Laporan BAN: Limbah Elektronik Pusat Data AI Capai 13 Juta Ton per Tahun 2030

Penulis: Nofrizal Hasan  •  Kamis, 17 September 2026 | 17:32:01 WIB

SUMATERA UTARA — Basel Action Network memproyeksikan limbah elektronik dari pusat data AI bisa menembus 13 juta ton per tahun pada 2030, atau cukup untuk memenuhi kontainer yang mengelilingi Bumi hingga enam kali. Laporan ini menghitung beban perangkat keras dari sekitar 100 gigawatt kapasitas komputasi baru yang diproyeksikan analis hingga akhir dekade. Tanpa perencanaan pengelolaan, ledakan infrastruktur AI berpotensi menjadi krisis limbah beracun yang lebih besar dari yang sudah terjadi saat ini.

Limbah tersebut umumnya mengandung bahan beracun seperti timbal, merkuri, kadmium, dan bahan kimia sulit terurai. Di dalamnya juga terdapat logam berharga yang selama ini sulit didaur ulang.

Bagaimana BAN Menghitung Volume Limbah

BAN menganalisis volume limbah dari server yang dipakai untuk AI, ditambah ribuan ton tembaga, baja, dan beton untuk sistem pendingin, distribusi daya, peralatan jaringan, serta penyimpanan daya. Perhitungan dimulai dari proyeksi analis soal sekitar 100 gigawatt kapasitas komputasi baru di seluruh dunia pada 2030.

Dari situ, BAN mengukur berat peralatan yang dibutuhkan pusat data. Satu server berbobot hingga 1.360 kg, switch mencapai 30 kg, dan ratusan kilogram kabel tembaga menghubungkan setiap rak. Peralatan itu tidak dirancang untuk diperbaiki dan dipakai kembali, serta harus diganti baru setiap 2-5 tahun.

Dampak ke Pengguna Smartphone dan Laptop

Laporan BAN juga memperkirakan pengembangan AI akan memaksa pengguna mengganti smartphone dan laptop lebih cepat. Alasannya, sistem baru menuntut kemampuan komputasi yang lebih tinggi dari perangkat lama.

Artinya, limbah elektronik dari pusat data bukan satu-satunya sumber. Perangkat konsumen yang dipercepat masa pakainya ikut menyumbang volume sampah yang sama.

4.871 Pusat Data Baru di Amerika Serikat

Saat ini ada 4.871 pusat data baru dalam tahap pembangunan di Amerika Serikat. Tidak semuanya ditujukan sebagai pusat data AI, tetapi sebagian akan dipakai untuk keperluan tersebut.

BAN menilai tidak ada rencana memadai untuk mengelola limbah dari gelombang pembangunan ini. Padahal, limbah elektronik sudah menjadi aliran limbah dengan pertumbuhan tercepat di planet ini.

Peringatan dari Pendiri BAN

"Limbah elektronik sudah menjadi aliran limbah yang pertumbuhannya paling cepat di planet, dan hanya seperlima yang dikelola dengan benar," kata co-founder BAN Jim Puckett, seperti dikutip dari The Guardian, Kamis (17/9/2026).
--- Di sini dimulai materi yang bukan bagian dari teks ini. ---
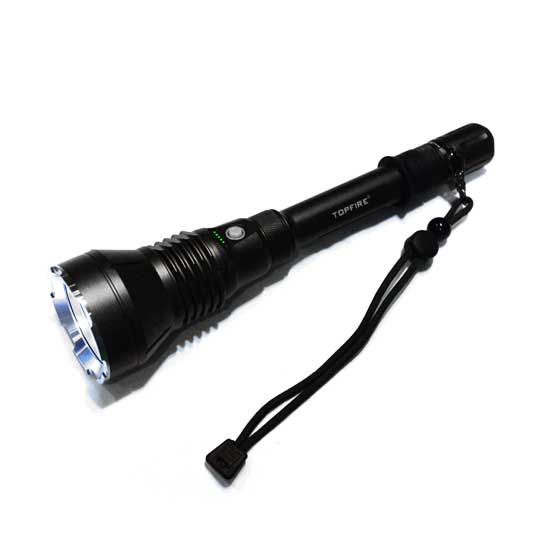 The displayed flashlight in black with a slim handle is fitted with the Cree-XML-T6 light source, boasting a long life of 50,000 hours. It has reached the IPX8 rating to ensure water resistance. This high performance flashlight is ideal for emergency use.

Puckett menegaskan bahwa AI terasa ringan di permukaan, tetapi setiap model bergantung pada perangkat keras canggih dan khusus dalam jumlah besar. Menurutnya, tanpa perencanaan dari perusahaan dan pemerintah, pembangunan AI bisa memicu krisis limbah beracun yang jauh lebih dahsyat daripada yang sudah dialami dunia saat ini.

Mengapa Ini Relevan bagi Indonesia

Pemerintah Indonesia tengah mendorong pembangunan pusat data nasional dan menarik investasi infrastruktur AI. Regulasi pengelolaan limbah elektronik di dalam negeri masih mengacu pada aturan lama, sementara volume perangkat yang masuk dan habis masa pakainya terus naik.
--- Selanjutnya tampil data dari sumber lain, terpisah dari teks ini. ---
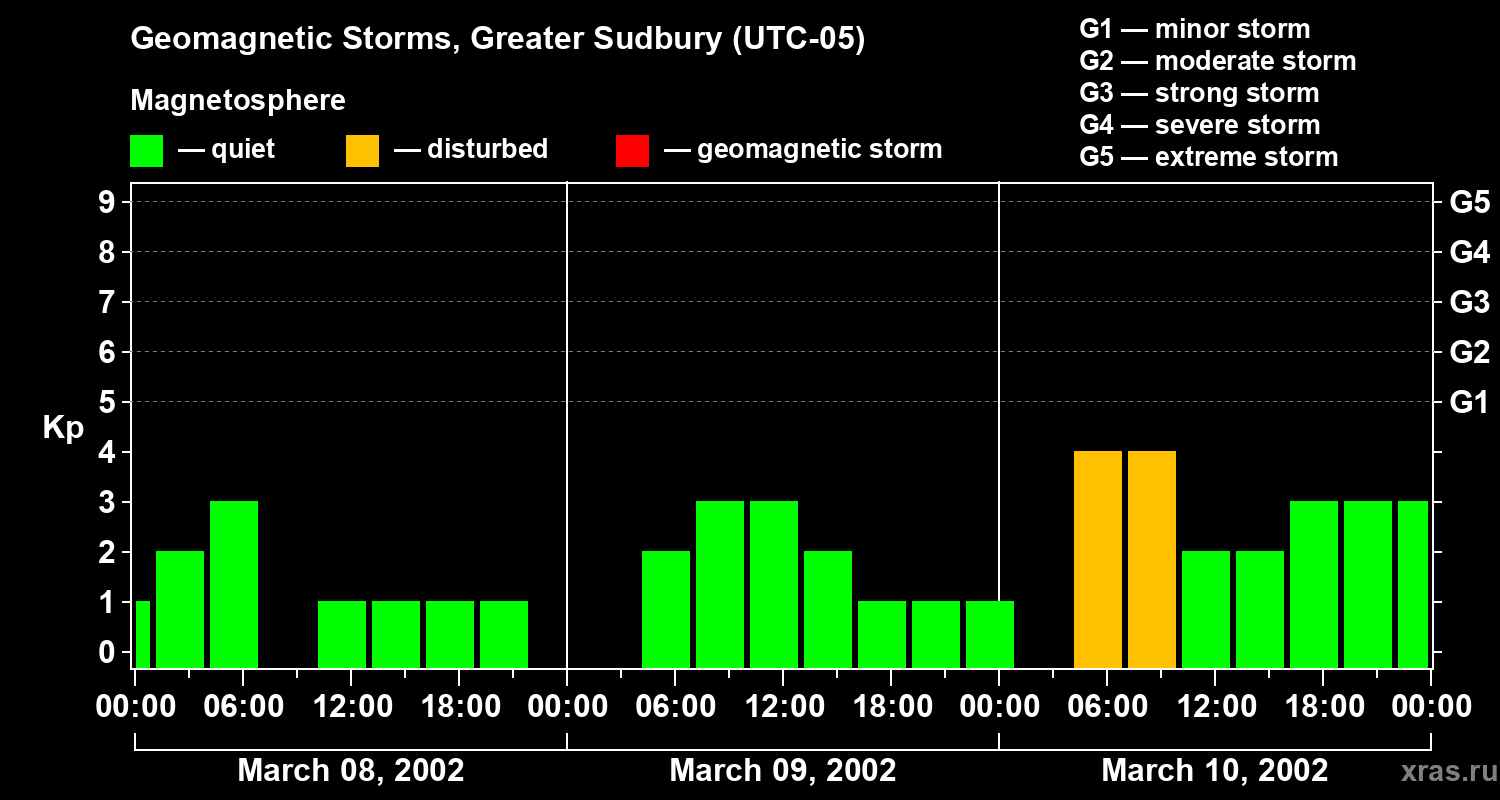 Geomagnetic storms in Greater Sudbury on Mar 10, 2002

Bagi pelaku bisnis digital dan investor, temuan BAN menjadi sinyal bahwa biaya lingkungan dari ekspansi AI tidak bisa diabaikan dalam perhitungan jangka panjang. Pengelolaan daur ulang perangkat keras berpotensi menjadi lini bisnis tersendiri di kawasan Asia Tenggara.

Reporter: Nofrizal Hasan
Sumber: inet.detik.com This article was automatically rewritten by AI based on the source above without altering the facts of the original article.